Given entries →

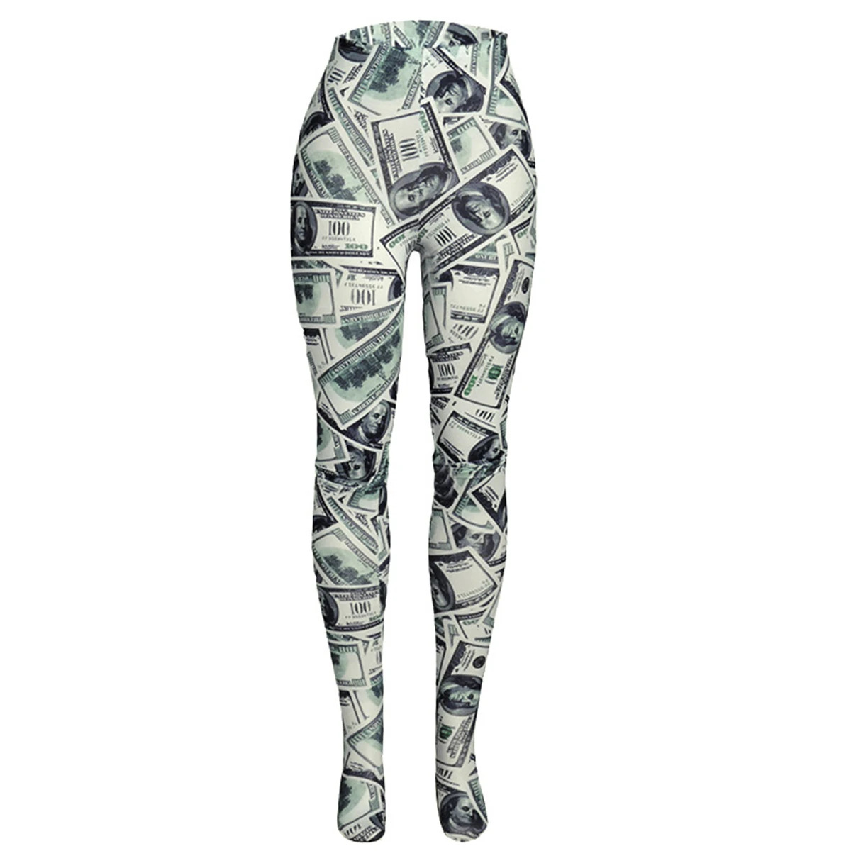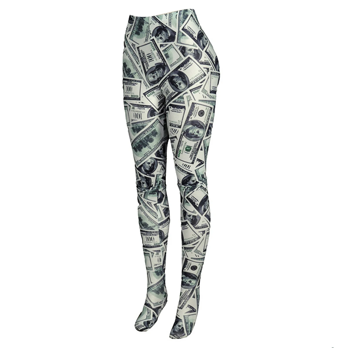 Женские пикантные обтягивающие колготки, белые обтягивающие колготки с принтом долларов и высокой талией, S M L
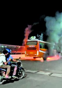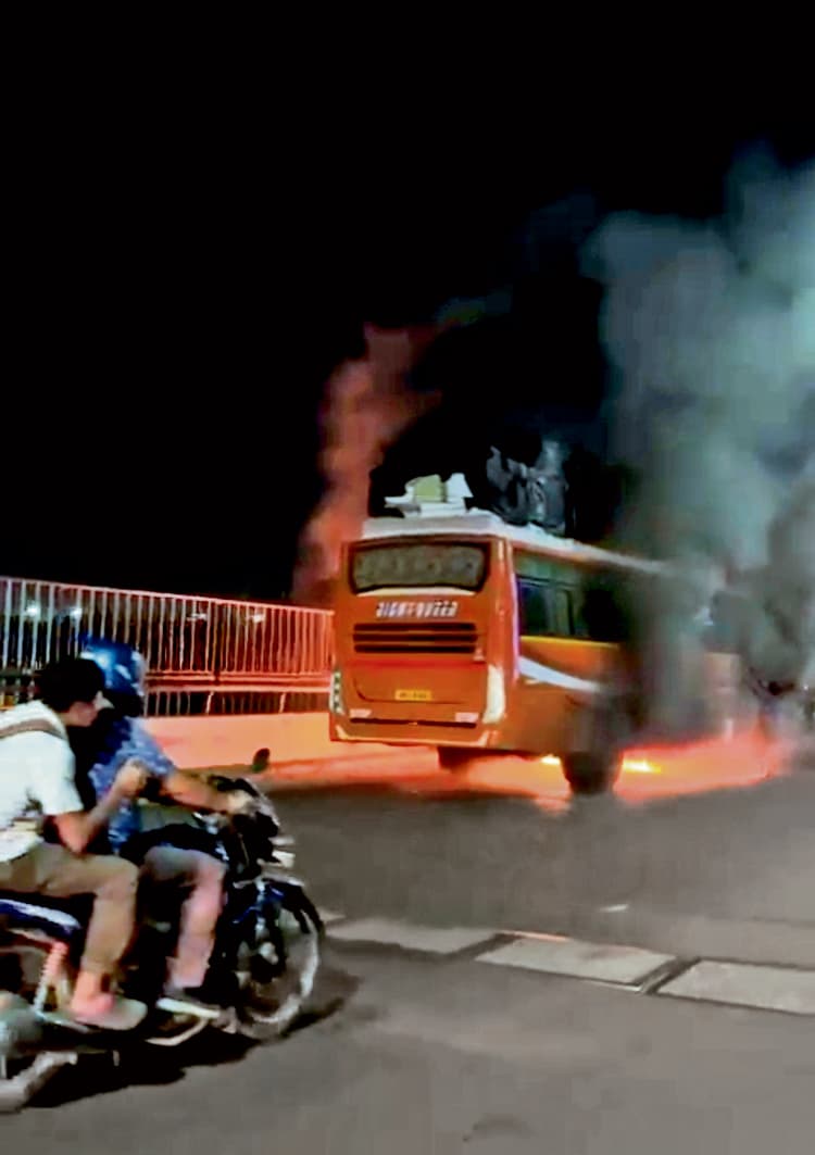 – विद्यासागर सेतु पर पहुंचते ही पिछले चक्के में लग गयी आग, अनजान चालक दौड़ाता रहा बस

...

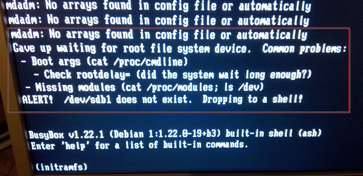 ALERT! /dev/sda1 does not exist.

---

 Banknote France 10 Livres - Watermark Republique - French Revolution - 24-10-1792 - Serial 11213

Brief →
Exact copy, pictures excluded: every line above from the one containing "Женские пикантные обтягивающие" to the one containing "दौड़ाता रहा बस", inclusive, and nothing more.

Response →
 Женские пикантные обтягивающие колготки, белые обтягивающие колготки с принтом долларов и высокой талией, S M L
 – विद्यासागर सेतु पर पहुंचते ही पिछले चक्के में लग गयी आग, अनजान चालक दौड़ाता रहा बस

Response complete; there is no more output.